From the records that follow, return exactly the lines beginning at the one that contains "Wiewiórka, Trawa, Liście" and ending at the one that contains "团支部成立仪式在庄严的国歌声", pictures left out.

-- Record excerpts --
———

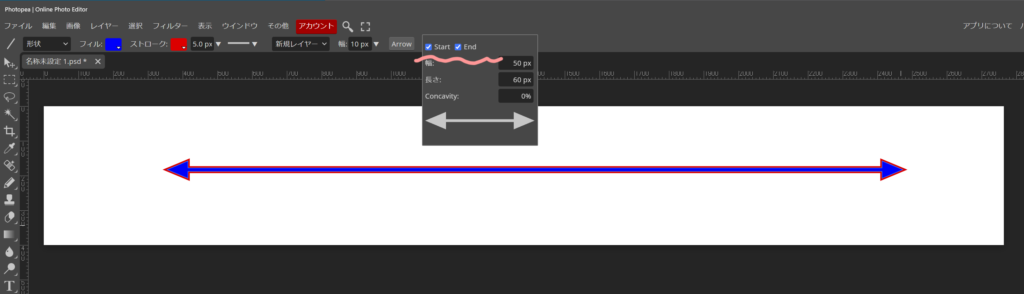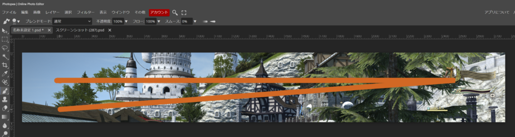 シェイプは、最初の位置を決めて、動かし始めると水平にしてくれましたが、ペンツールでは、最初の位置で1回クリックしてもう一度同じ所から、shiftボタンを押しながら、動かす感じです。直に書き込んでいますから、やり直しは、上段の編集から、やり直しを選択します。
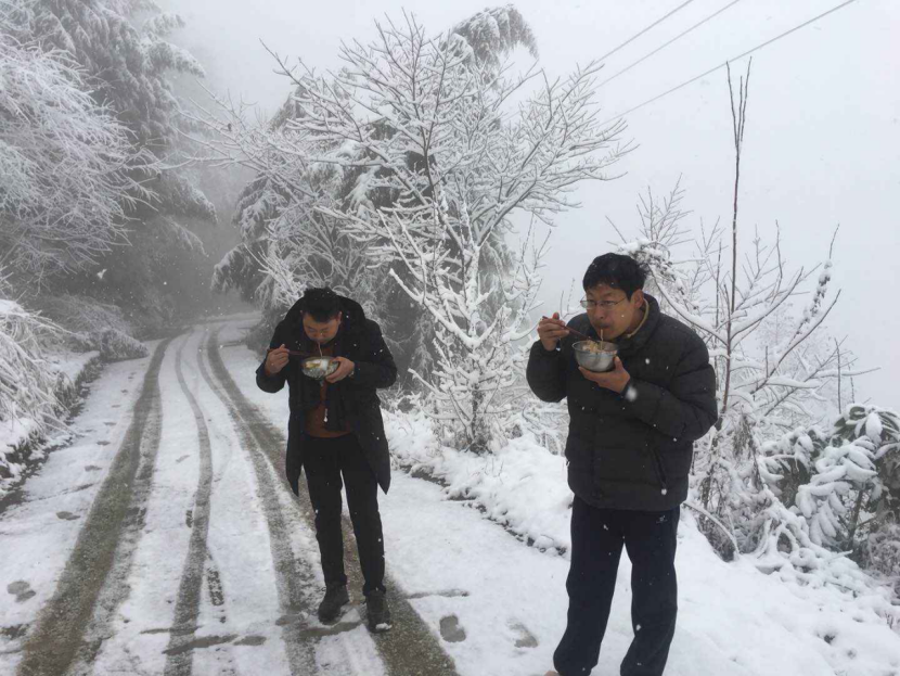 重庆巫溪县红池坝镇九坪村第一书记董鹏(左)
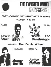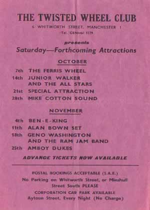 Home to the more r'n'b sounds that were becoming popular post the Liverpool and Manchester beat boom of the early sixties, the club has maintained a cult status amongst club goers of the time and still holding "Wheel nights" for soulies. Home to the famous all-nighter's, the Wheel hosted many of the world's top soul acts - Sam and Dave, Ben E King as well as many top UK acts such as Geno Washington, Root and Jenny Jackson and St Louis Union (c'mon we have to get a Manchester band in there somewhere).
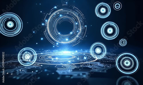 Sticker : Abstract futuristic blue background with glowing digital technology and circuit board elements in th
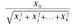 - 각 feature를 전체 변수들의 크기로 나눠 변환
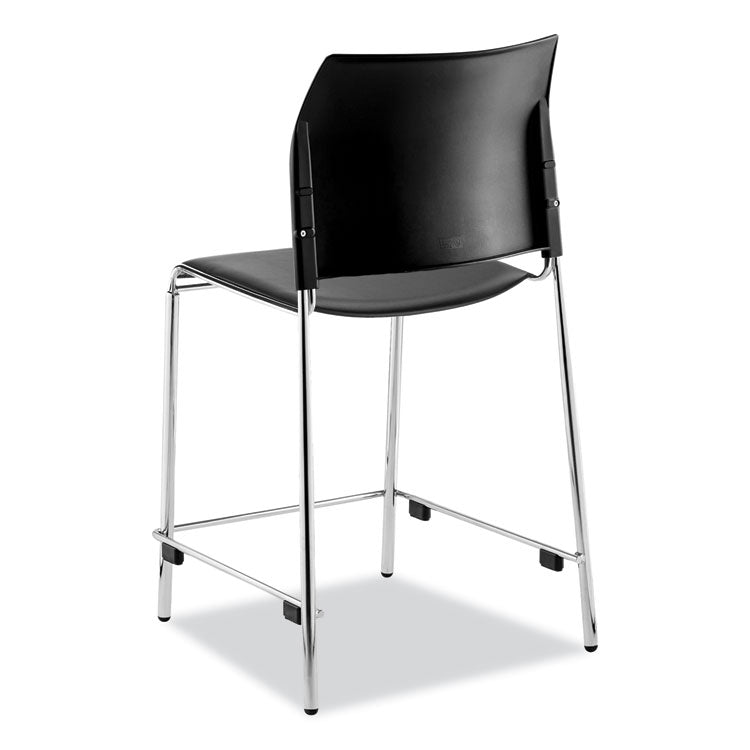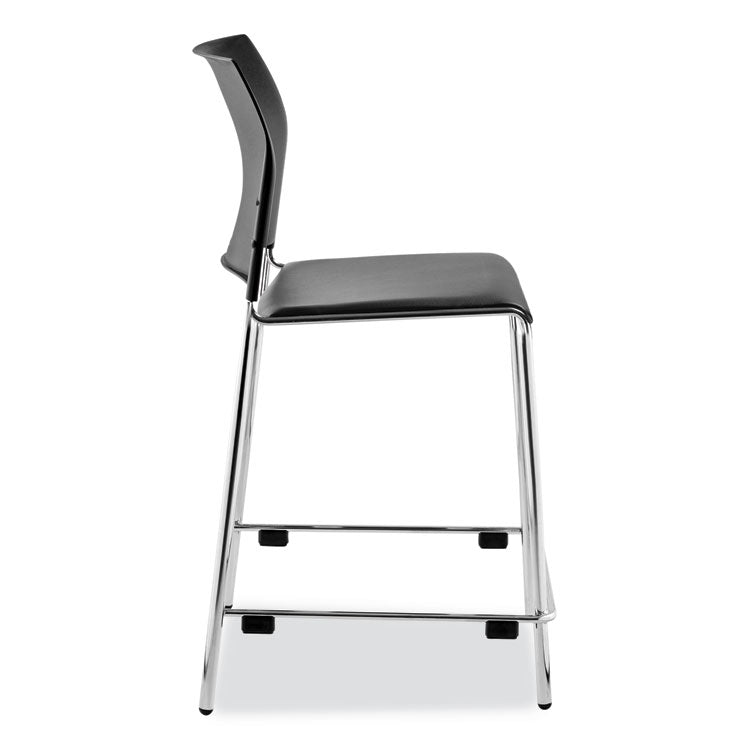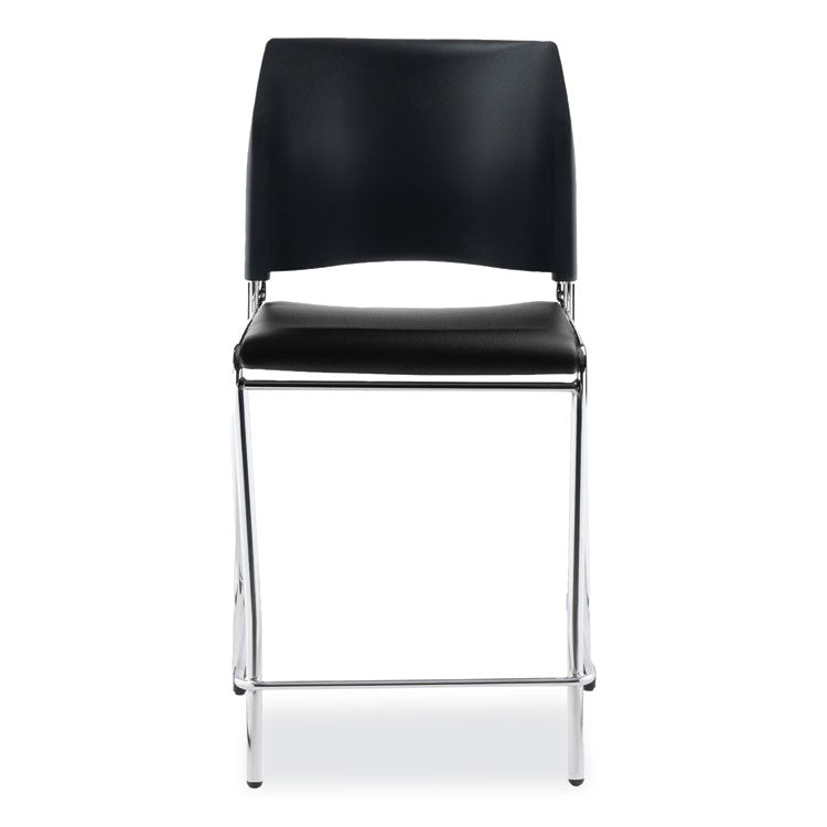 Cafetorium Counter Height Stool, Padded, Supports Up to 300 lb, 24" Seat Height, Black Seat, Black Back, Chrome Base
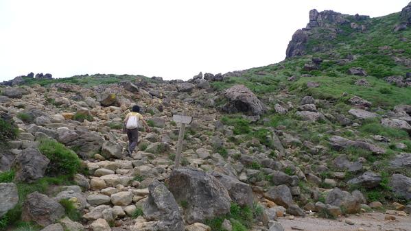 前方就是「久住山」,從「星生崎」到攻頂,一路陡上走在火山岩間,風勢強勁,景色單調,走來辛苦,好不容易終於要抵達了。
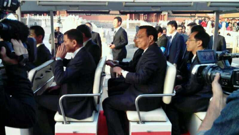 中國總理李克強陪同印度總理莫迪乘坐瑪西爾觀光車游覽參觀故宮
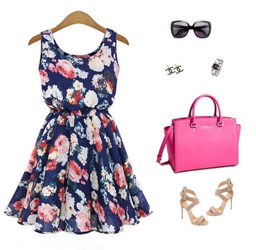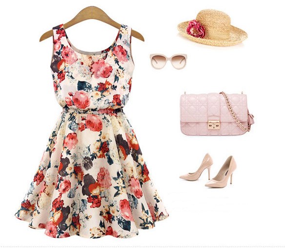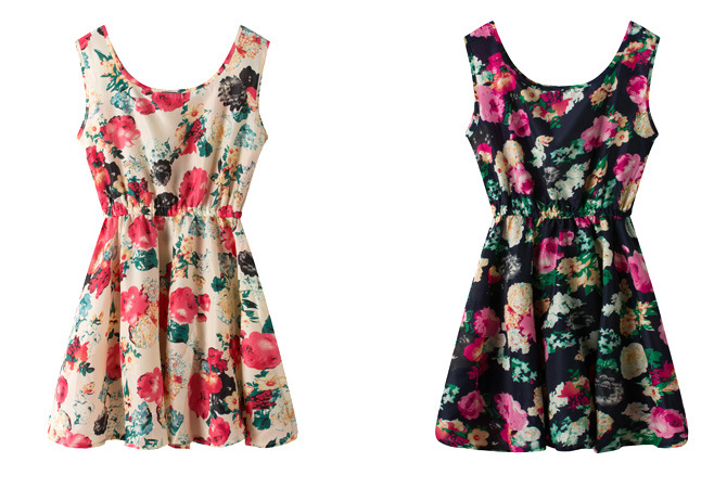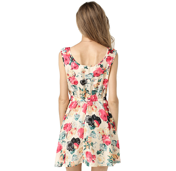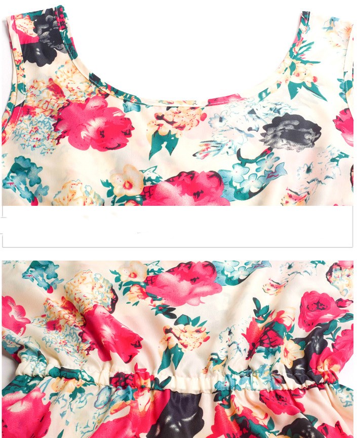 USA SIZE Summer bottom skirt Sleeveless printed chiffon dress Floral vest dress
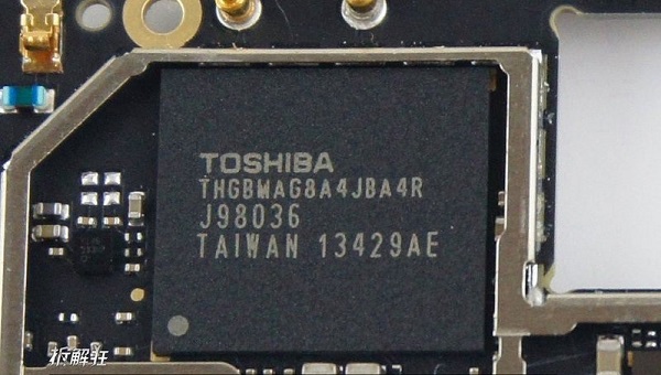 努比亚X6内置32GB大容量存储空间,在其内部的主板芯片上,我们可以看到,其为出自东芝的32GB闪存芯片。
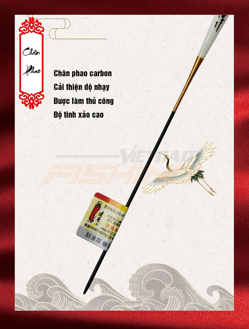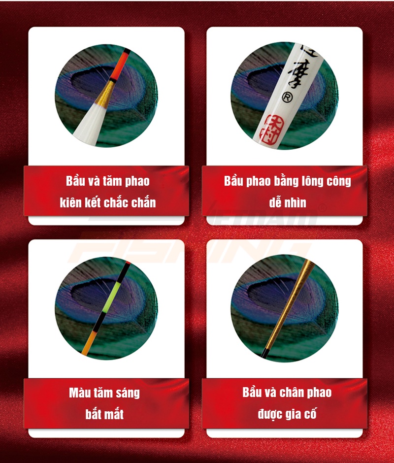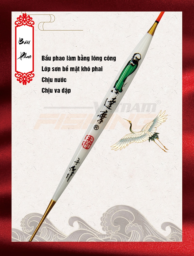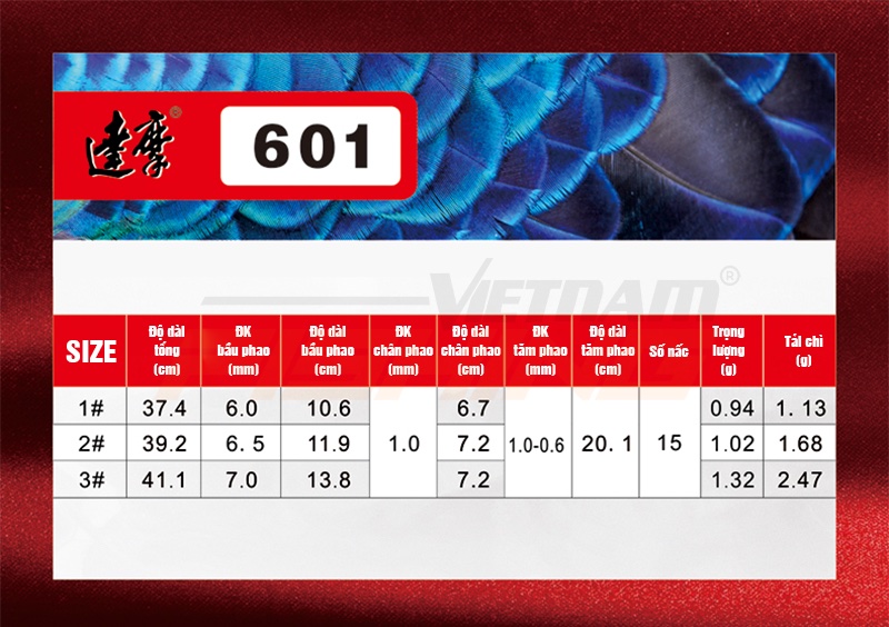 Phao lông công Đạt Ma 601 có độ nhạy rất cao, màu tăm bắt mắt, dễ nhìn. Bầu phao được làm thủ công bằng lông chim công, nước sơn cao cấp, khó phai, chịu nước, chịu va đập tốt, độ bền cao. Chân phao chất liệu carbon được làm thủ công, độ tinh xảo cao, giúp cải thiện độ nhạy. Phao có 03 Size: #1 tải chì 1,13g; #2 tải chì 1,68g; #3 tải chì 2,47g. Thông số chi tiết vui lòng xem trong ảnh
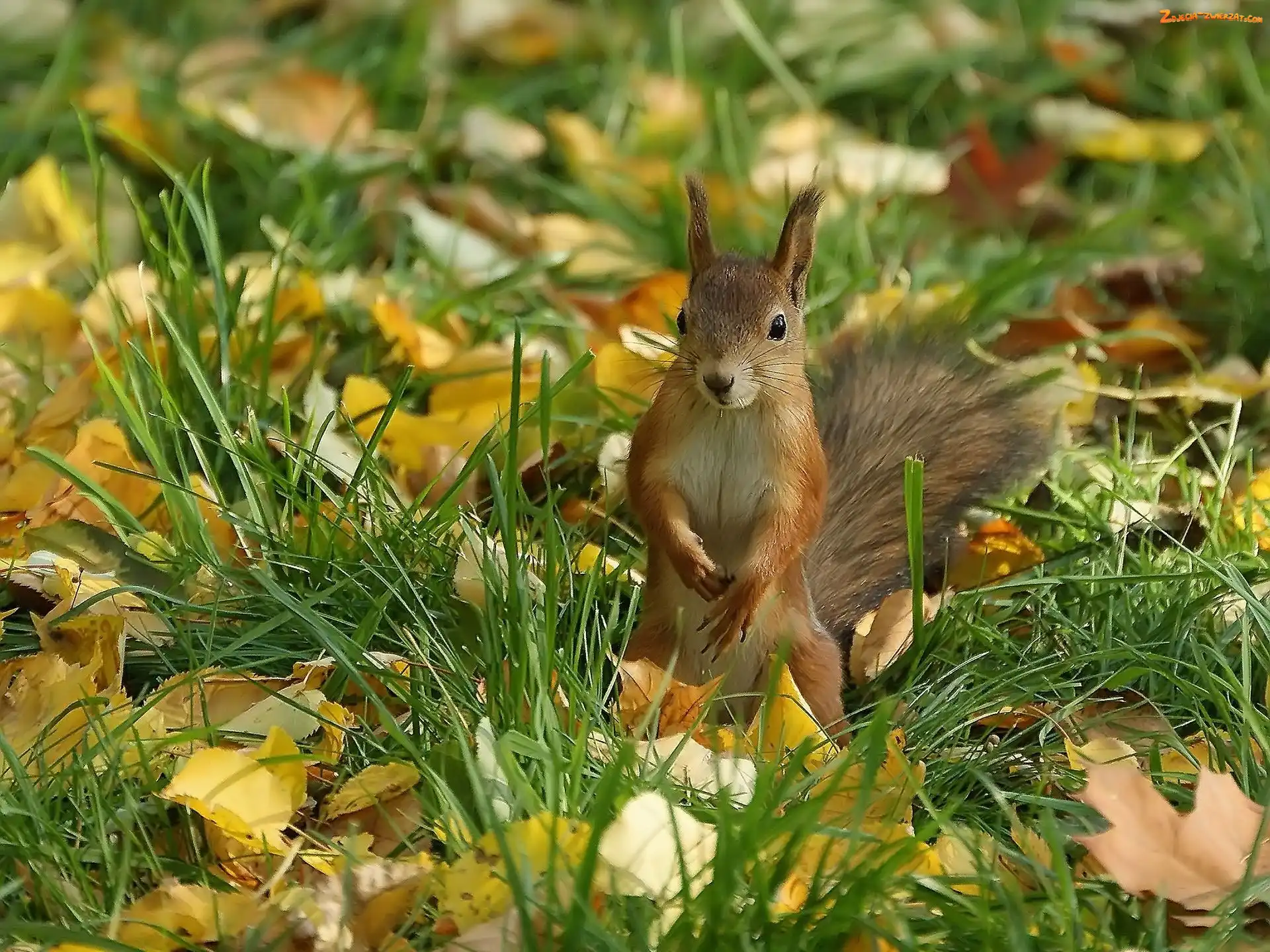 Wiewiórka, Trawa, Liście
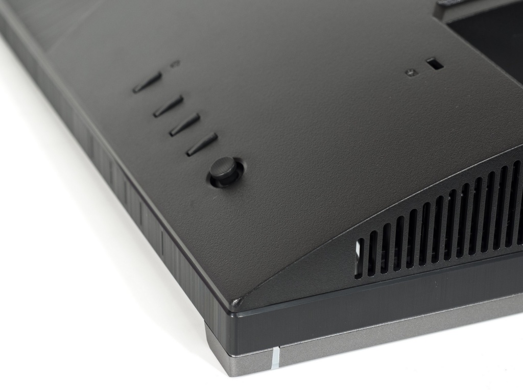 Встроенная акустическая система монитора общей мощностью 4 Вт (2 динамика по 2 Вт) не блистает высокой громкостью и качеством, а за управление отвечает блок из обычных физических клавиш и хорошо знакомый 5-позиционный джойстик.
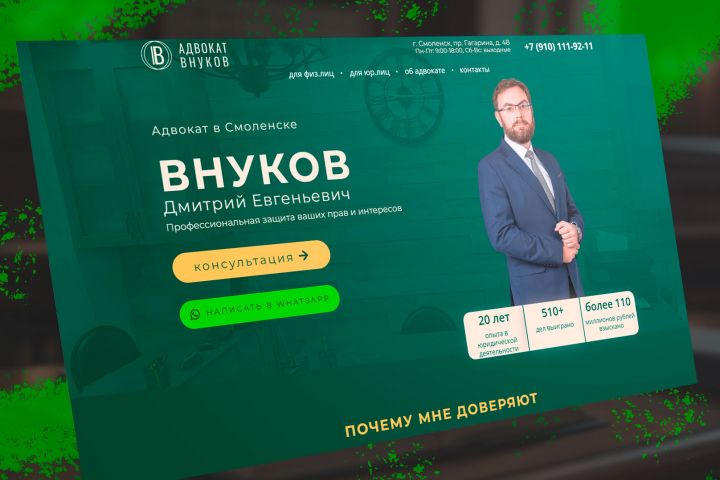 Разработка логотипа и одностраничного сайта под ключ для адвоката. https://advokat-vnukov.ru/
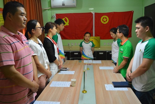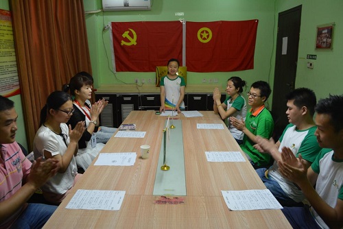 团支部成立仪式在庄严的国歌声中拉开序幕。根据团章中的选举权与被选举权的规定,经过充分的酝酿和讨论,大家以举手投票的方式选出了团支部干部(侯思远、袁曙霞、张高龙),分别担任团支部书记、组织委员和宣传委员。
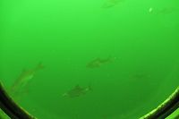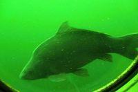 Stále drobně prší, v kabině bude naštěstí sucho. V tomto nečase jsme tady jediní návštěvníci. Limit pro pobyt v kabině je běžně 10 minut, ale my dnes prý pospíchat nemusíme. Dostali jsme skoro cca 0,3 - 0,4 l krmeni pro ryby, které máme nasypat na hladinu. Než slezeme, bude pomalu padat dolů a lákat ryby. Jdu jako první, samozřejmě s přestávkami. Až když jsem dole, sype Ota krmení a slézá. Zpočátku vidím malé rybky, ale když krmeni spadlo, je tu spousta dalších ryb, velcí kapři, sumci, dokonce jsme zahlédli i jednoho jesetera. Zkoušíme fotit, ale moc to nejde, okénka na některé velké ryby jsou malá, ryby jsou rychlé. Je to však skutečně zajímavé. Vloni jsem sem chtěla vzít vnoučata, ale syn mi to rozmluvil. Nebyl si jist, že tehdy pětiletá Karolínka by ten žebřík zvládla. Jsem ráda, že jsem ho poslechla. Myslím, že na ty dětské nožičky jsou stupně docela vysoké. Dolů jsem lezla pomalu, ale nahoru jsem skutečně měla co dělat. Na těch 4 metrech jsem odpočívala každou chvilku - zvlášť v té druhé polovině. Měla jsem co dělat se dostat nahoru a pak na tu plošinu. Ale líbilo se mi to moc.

———

-- Response --
 Wiewiórka, Trawa, Liście
 Встроенная акустическая система монитора общей мощностью 4 Вт (2 динамика по 2 Вт) не блистает высокой громкостью и качеством, а за управление отвечает блок из обычных физических клавиш и хорошо знакомый 5-позиционный джойстик.
 Разработка логотипа и одностраничного сайта под ключ для адвоката. https://advokat-vnukov.ru/
 团支部成立仪式在庄严的国歌声中拉开序幕。根据团章中的选举权与被选举权的规定,经过充分的酝酿和讨论,大家以举手投票的方式选出了团支部干部(侯思远、袁曙霞、张高龙),分别担任团支部书记、组织委员和宣传委员。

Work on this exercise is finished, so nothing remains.